You could also experiment other types of matrix such as varying the number of vertical columns of “1” or the number of horizontal rows of “1” .

2.4.   DFT-based coding (optional)

If time permits repeat section 2.3 of this experiment using the Discrete Fourier Transformation   (DFT). The 2-D FFT block is in CVST. Is this transformation as effective when the coefficients are selected as before?

2.5.   Effect of horizontal or vertical coefficients (optional)

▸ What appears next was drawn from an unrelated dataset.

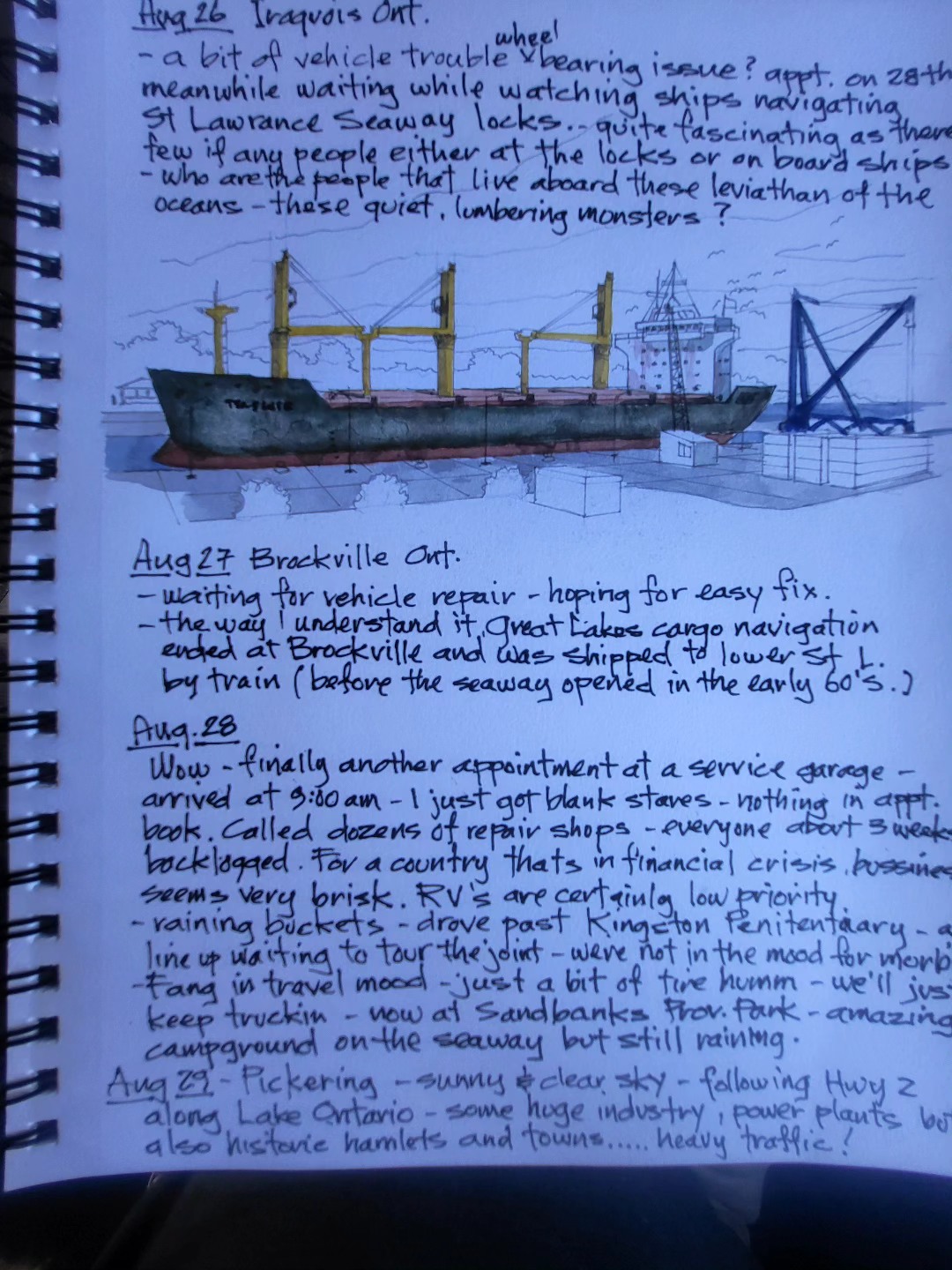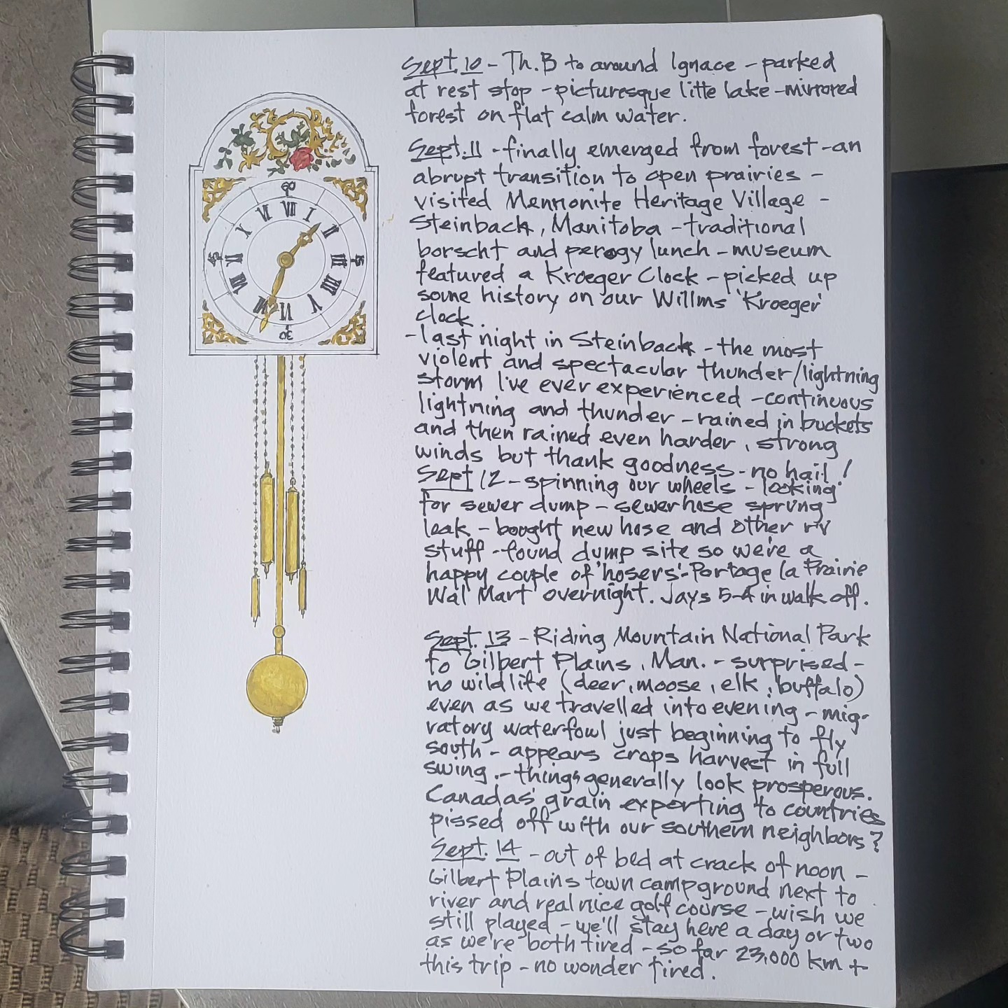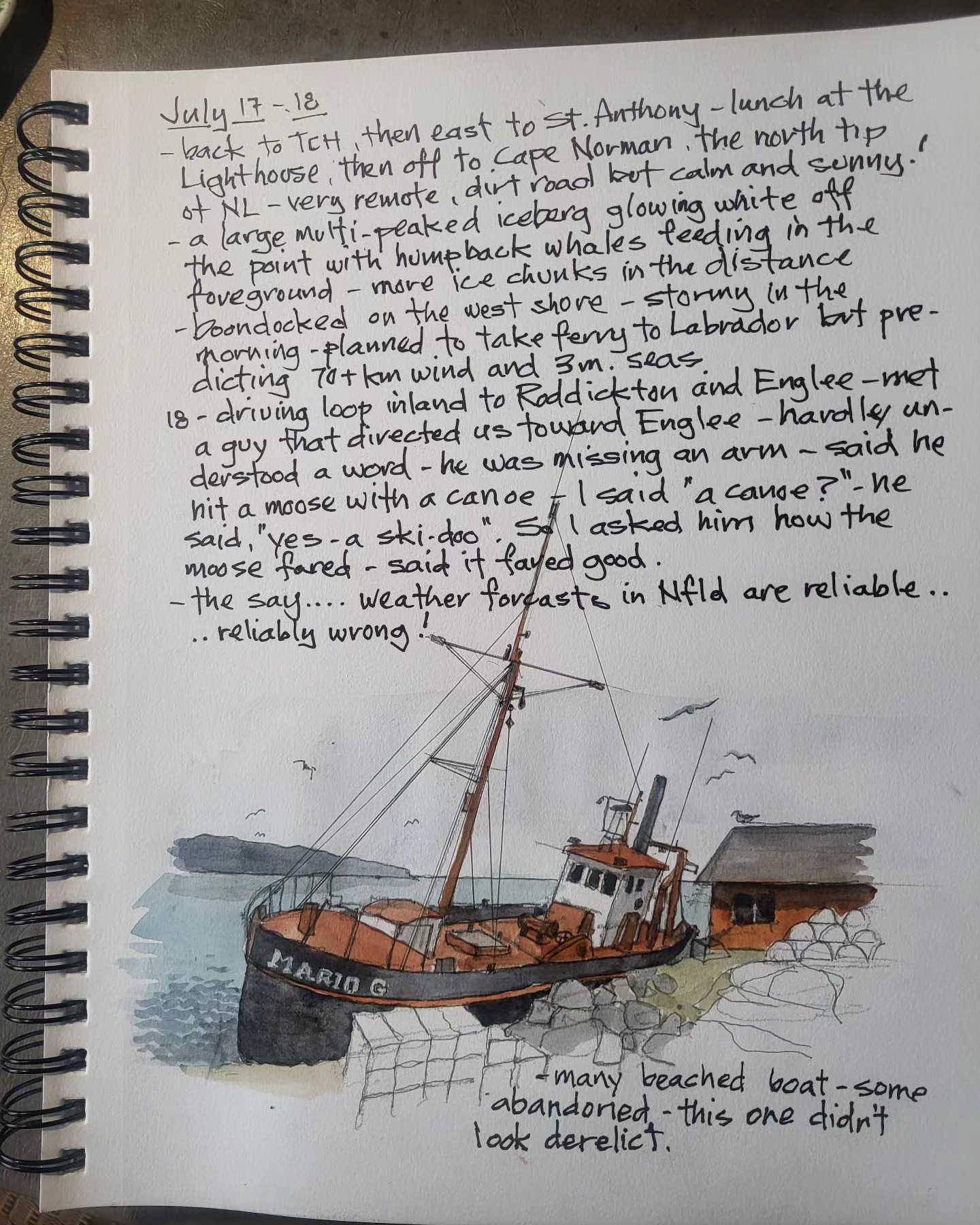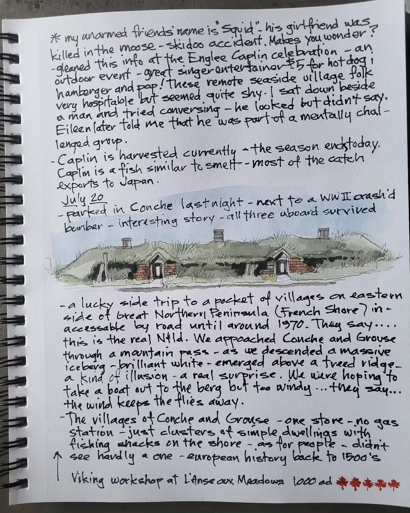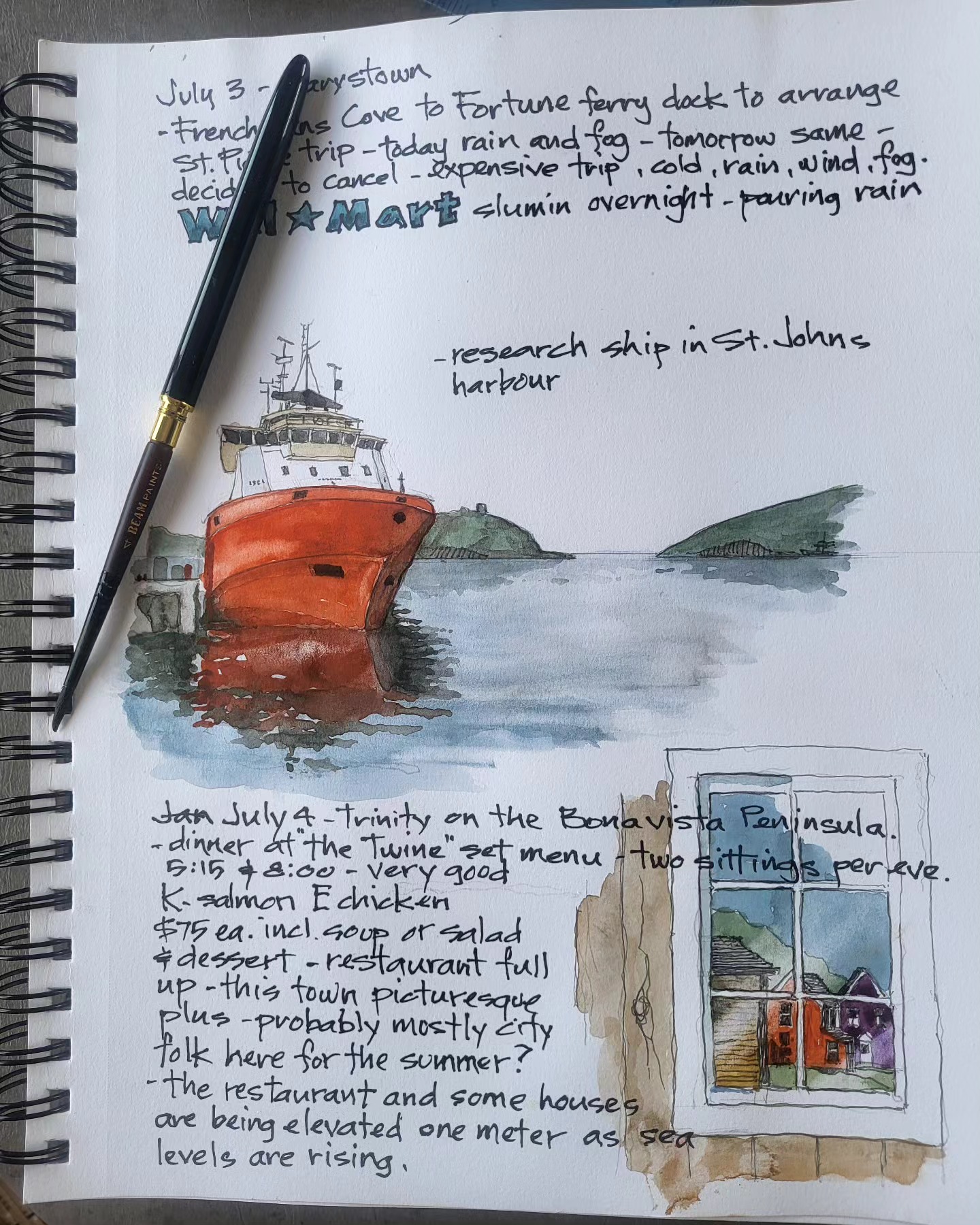 Printing copies of cross Canada 2025 travel journal — about 60 pages of watercolor sketches, notes and stories — about $40 — let me know if you’re interested.
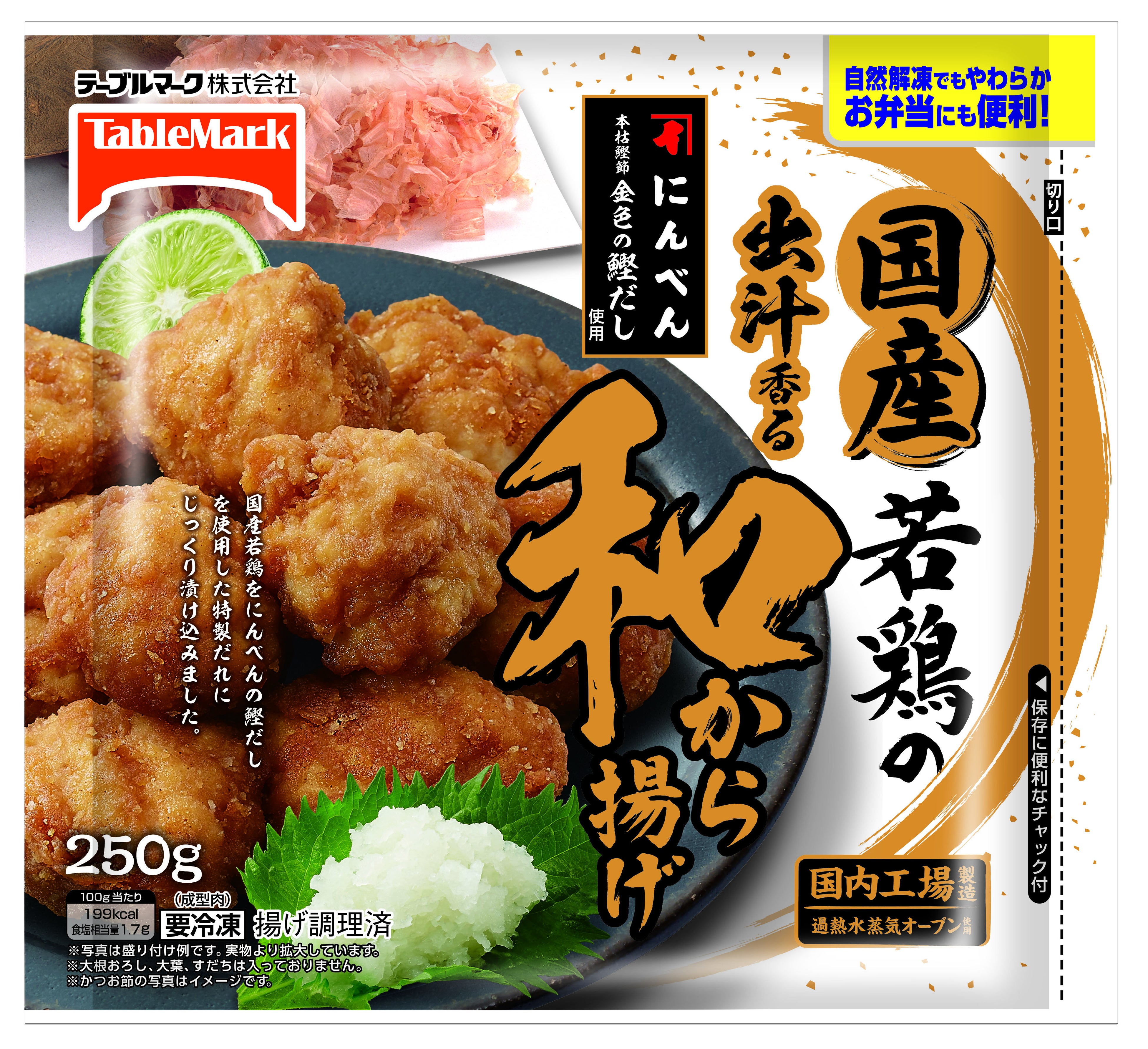 国産若鶏のむね肉に、こだわりのだしを効かせた和風から揚げです。本枯鰹節を使用したにんべん”「金色の鰹だし」を使った特製だれに漬け込み、シンプルな旨さに。食卓のおかずに、おつまみに、お弁当に大活躍の一品です。

If time permits repeat section 2.3 of this experiment but with the coefficients in horizontal or vertical rows (instead of diagonal ones), or in mirror-image sets, as the one shown below for example. Again, these are rarely used in practice, only to appreciate the effect.


3.  Reporting

Produce a brief report up to 6 pages (excluding cover page and appendix) summarising your

experiments (sections 1.3 and 2.3), observations, key results and conclusions. Describe your

modification to measure and display PSNR. Present clear plots of PSNR for different numbers of coefficients. Discuss the reason for any difference in the number of coefficients needed in the

horizontal and vertical directions. Suggest the most effective coding transformation based on your results. Additional results can be included in Appendix.

Suggested structure:

Cover page with course/experiment, name and registration number

1.   Introduction (e.g. objectives and applications)

2.   Experiments (sections 1.3 and 2.3), results and analysis

3.   General discussion and conclusions

Submit your report (preferably in pdf file) to the Blackboard before the deadline. Please name your report file meaningfully, e.g. DCTlab-xxxxxxx.pdf, where xxxxxxx is your ID number.